36. In newly redesignated § 3.15, paragraph (h) is amended by removing the citation “§ 3.13(c)” and adding the citation “§ 3.14(c)” in its place.
37. In newly redesignated § 3.17, paragraph (a) is amended by removing the citation “§ 3.13(c) of this subpart” both times they appear and adding the citation “§ 3.14(c)” in its place.
38. Newly redesignated § 3.18 is amended as follows:
a. In paragraph (a), by removing the citation “§ 3.15(e)” and adding the citation “§ 3.16(e)” in its place;
b. In paragraph (b), by removing the citation “§ 3.15(d)” and adding the citation “§ 3.16(d)” in its place; and
c. In paragraph (d), by removing the citation “§ 3.14(b) of this subpart” and adding the citation “§ 3.15(b)” in its place, and by removing the citation “§ 3.6 or § 3.14 of this subpart” and adding the citation “§§ 3.6 or 3.15” in its place.
39. In newly redesignated § 3.19, paragraph (f) is amended by removing the citation “§ 3.13(f) of this subpart” and adding the citation “§ 3.14(f)” in its place.

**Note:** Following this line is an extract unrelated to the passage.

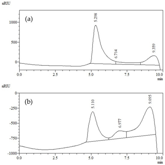 HPSEC was used for the characterization of the two EPS samples (Figure 3). Product EPS-1 was found to elute within one main peak. It covered the mass range between 40 × 104 g/mol and 70 × 104 g/mol. The high-molecular-weight (HMW) fractions (retention time (RT) 5.0–6.0 min) occupied a higher percentage (70%) of the total (100%) peak area, hence the highest percentage of EPS-1. As shown in Figure 3a, sample EPS-1 exhibited a small peak of smaller size, which eluted at an RT of 8.5–9.5 min. This suggested a small amount of EPS-1 fraction (21%) having a mass range between 10 × 104 g/mol and 1 × 104 g/mol.

40. Newly redesignated § 3.20 is amended as follows:
a. In paragraph (a)(1), by removing the citation “§ 3.18(d) of this subpart” and adding the citation “§ 3.19(d)” in its place; and
b. In paragraph (a)(3), by removing the citation “§ 3.13(e)” and adding the citation “§ 3.14(e)” in its place, and by removing the citation “§ 3.18(d) of this subpart” and adding the citation “§ 3.19(d)” in its place.
41. Section 3.61 is amended as follows:
a. In paragraph (b), by removing the word “specie” and adding the word “species” in its place; and
b. In paragraph (f), by removing the word “works” and adding the word “words” in its place.
42. Section 3.78 is amended by revising the section heading to read as follows:
43. In § 3.110, paragraph (a) is amended by removing the words “it is determined that” immediately after the words “Animals without a known medical history must be isolated until”.
44. Section 3.111 is amended by removing the word “regional” in footnote 14.
Done in Washington, DC, this 15th day of March 2019.
Greg Ibach,
Under Secretary for Marketing and Regulatory Programs.